Michaela // Karin // Katja // Jutta // Nadia –
Hier stellen wir Euch die Teilnehmerinnen unseres wundervollen Fotoprojekts 40 Frauen über 40 etwas näher vor. In diesem Teil:
Michaela, 55, freie Rednerin
Karin, 50, Personalbetreuerin
Katja, 40, Erzieherin
Jutta, 48, Immobilienmarklerin
Nadia, 57, Altenpflegerin
Michaela, 55, freie Rednerin, verheiratet
MICHAELA IST EINE SEHR LEBENSFROHE PERSON, DIE MIT IHREN REDEN ANDERE MENSCHEN SEHR BERÜHRT.

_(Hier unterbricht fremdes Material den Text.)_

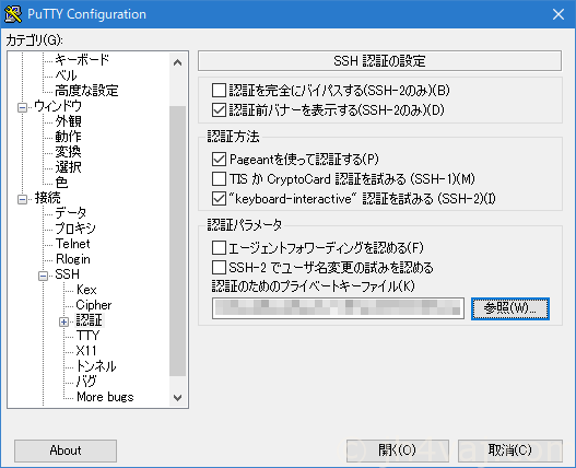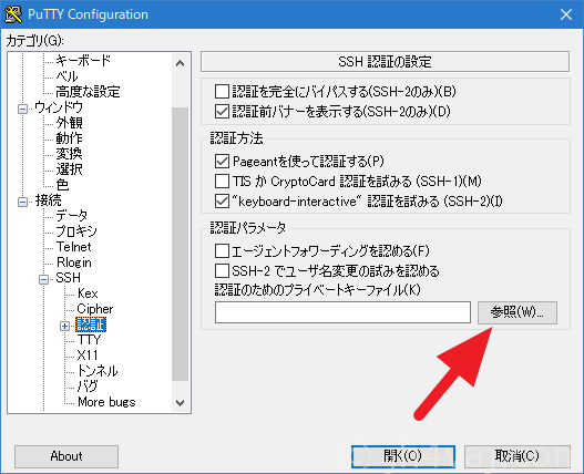 「接続」→「SSH」→「認証」で、「認証パラメータ」の「認証のためのプライベートキーファイル」で「参照」ボタンをクリック。
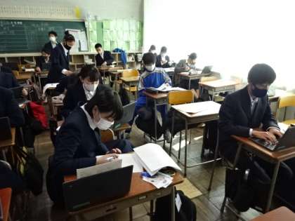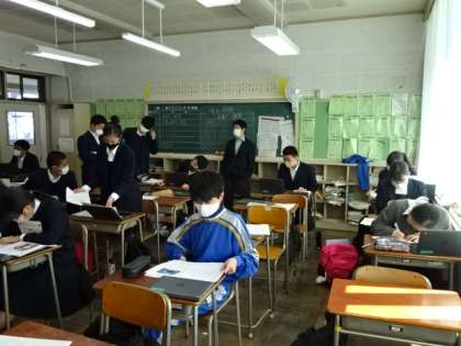 卒業研究。配られた学習用端末を使って「卒業研究」です。自分でテーマを決めて研究します。3年2組。
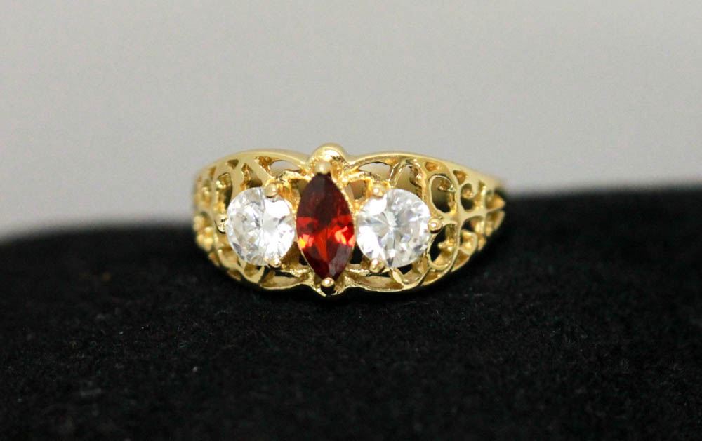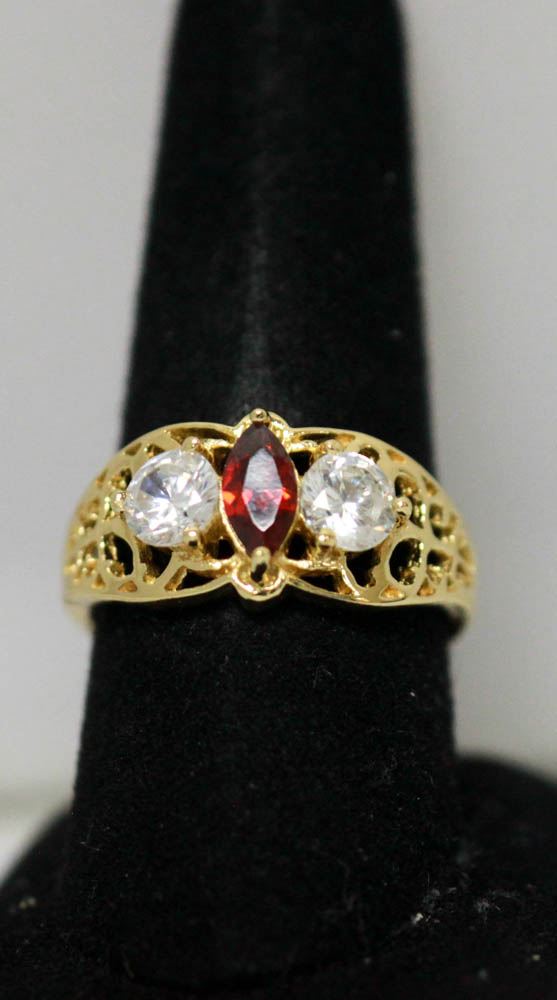 14K GOLD PLATED RING W/ RED & CLEAR CZ **|**|** 14K GOLD PLATED RING W/ RED & CLEAR CZ

Hier mehr Infos über Michaela (55, freie Rednerin, in Partnerschaft):
Michaela lebt gemeinsam mit ihrem Partner und ihren zwei Katzen auf einem kleinen, alten Bauernhof. Zu ihren Hobbies zählen die Fotografie und Gartenarbeit – sie beschäftigt sich zudem gerne mit ihren Katzen und ist sehr gerne in der Natur.
Michaela hat in ihrem Leben schon viel erlebt und auch beruflich viele Umschwünge gehabt. So ist sie ursprünglich aus dem Bankwesen und hat als Security unter anderem auf dem Oktoberfest für Ordnung gesorgt. Derzeit ist sie freie Rednerin für Hochzeiten und Beerdigungen, sieht ihre Zukunft aber eher in den Reden für Beerdigungen…:
“Ich persönlich finde Beerdigungen mittlerweile ehrlicher und direkter und schöner wie jede Hochzeit. Bei der Hochzeit sagt zwar jeder ‘Och, wie schön war das!’, aber niemand weiß, was im Hinterkopf war. Bei Hochzeiten kommen außer dem Brautpaar und vielleicht den Eltern wenige, die sagen ‘Oh, das war toll!’. Bei Beerdigungen kommt fast jeder und sagt ‘Mensch, das haben Sie total genau getroffen!’ und das finde ich viel schöner und wichtiger.”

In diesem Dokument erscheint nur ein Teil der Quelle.